Transcribe the listing verbatim. Do not carry over any pictures.

--- Given information ---

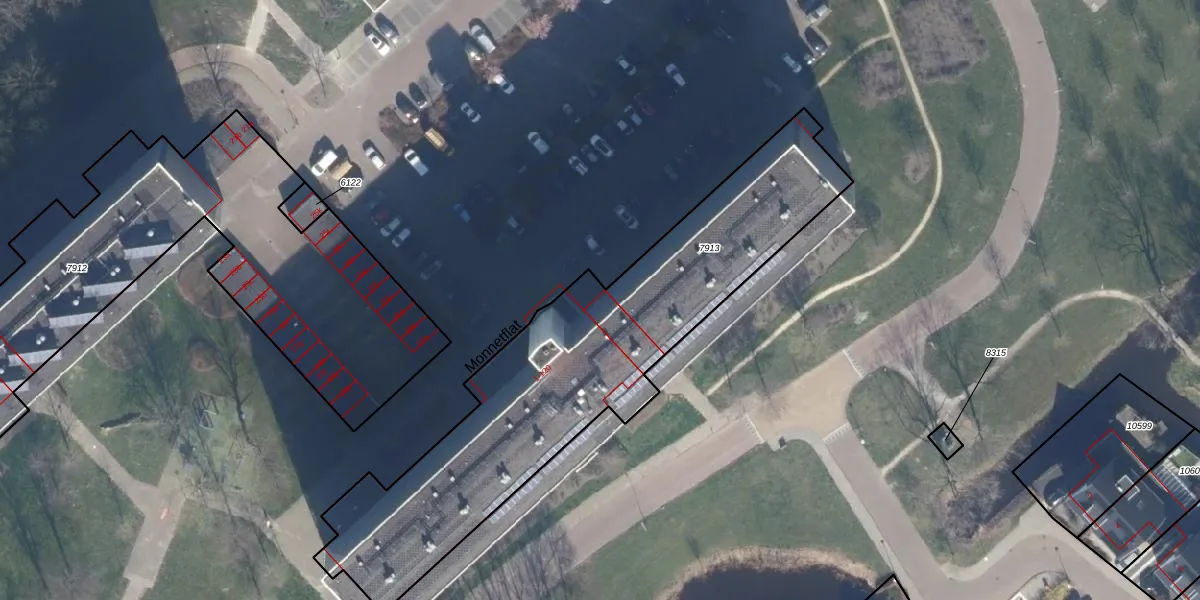 Het perceel waarop Monnetflat 6 staat heeft een oppervlakte van 1782 m². Dit is een zeer groot perceel. De perceeloppervlakte wordt geregistreerd door het Kadaster. Gedetailleerde informatie over de maten van dit perceel kunt u vinden in het rapport Kadastrale kaart met maatvoering van Monnetflat 6.
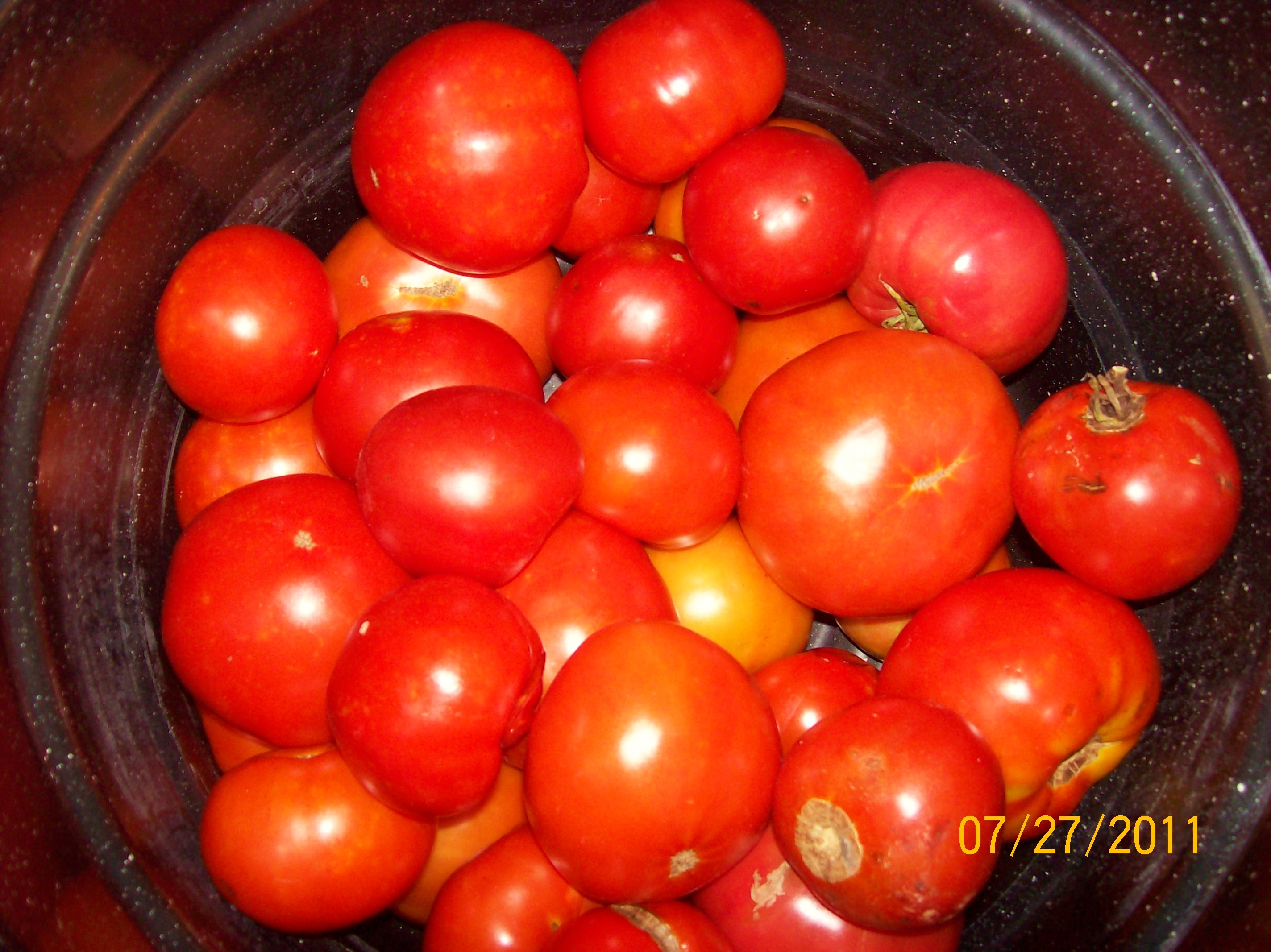 Notes: Cut a small X on the bloom end of the tomatoes and drop them in hot water and then immediately put them in cold water so the skin will remove easily. It also works to fill up your sink with the tomatoes you want to use, make sure the drain stopper is closed, then pour a pot of boiling water into the sink with the tomatoes. Immediately use a long spoon or knife to open the drain stopper and drain the hot water out. Add cold water to the sink to cool tomatoes. Repeat until the tomatoes are cool enough to peel.
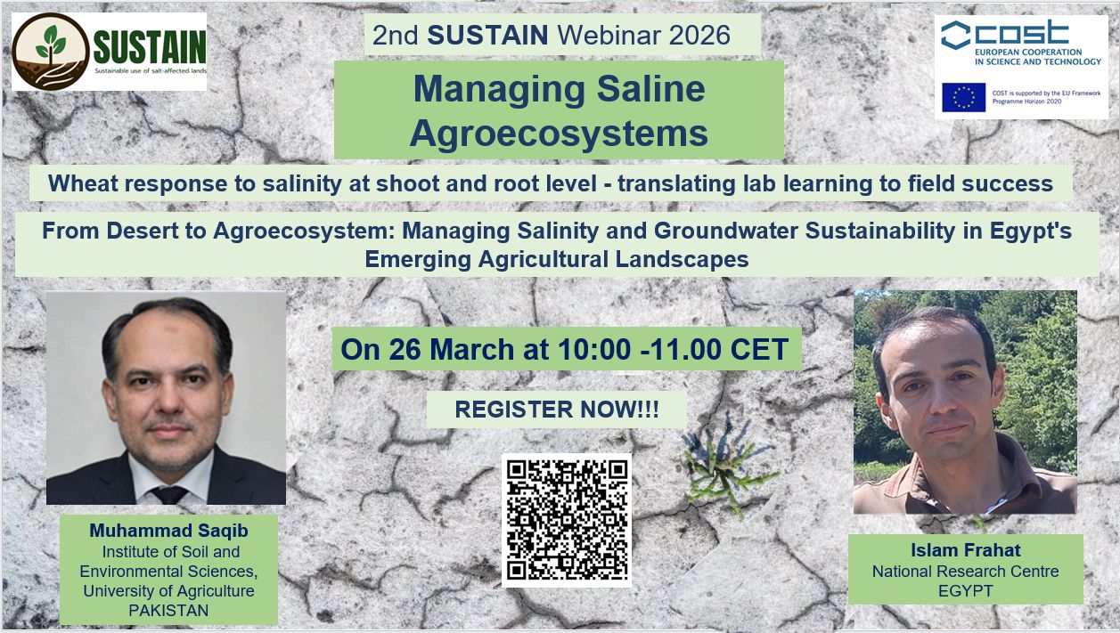 Excited to host the 2nd SUSTAIN COST Action Webinar on Food and fodder on saline soil – transfer into praxis. Meet the host Irene Christoforidi, the speakers Muhammad Saqib and Islam F. Hassan , PhD and register for the webinar: https://lnkd.in/dD97yeyU

---

[The completed task]
 Het perceel waarop Monnetflat 6 staat heeft een oppervlakte van 1782 m². Dit is een zeer groot perceel. De perceeloppervlakte wordt geregistreerd door het Kadaster. Gedetailleerde informatie over de maten van dit perceel kunt u vinden in het rapport Kadastrale kaart met maatvoering van Monnetflat 6.
 Notes: Cut a small X on the bloom end of the tomatoes and drop them in hot water and then immediately put them in cold water so the skin will remove easily. It also works to fill up your sink with the tomatoes you want to use, make sure the drain stopper is closed, then pour a pot of boiling water into the sink with the tomatoes. Immediately use a long spoon or knife to open the drain stopper and drain the hot water out. Add cold water to the sink to cool tomatoes. Repeat until the tomatoes are cool enough to peel.
 Excited to host the 2nd SUSTAIN COST Action Webinar on Food and fodder on saline soil – transfer into praxis. Meet the host Irene Christoforidi, the speakers Muhammad Saqib and Islam F. Hassan , PhD and register for the webinar: https://lnkd.in/dD97yeyU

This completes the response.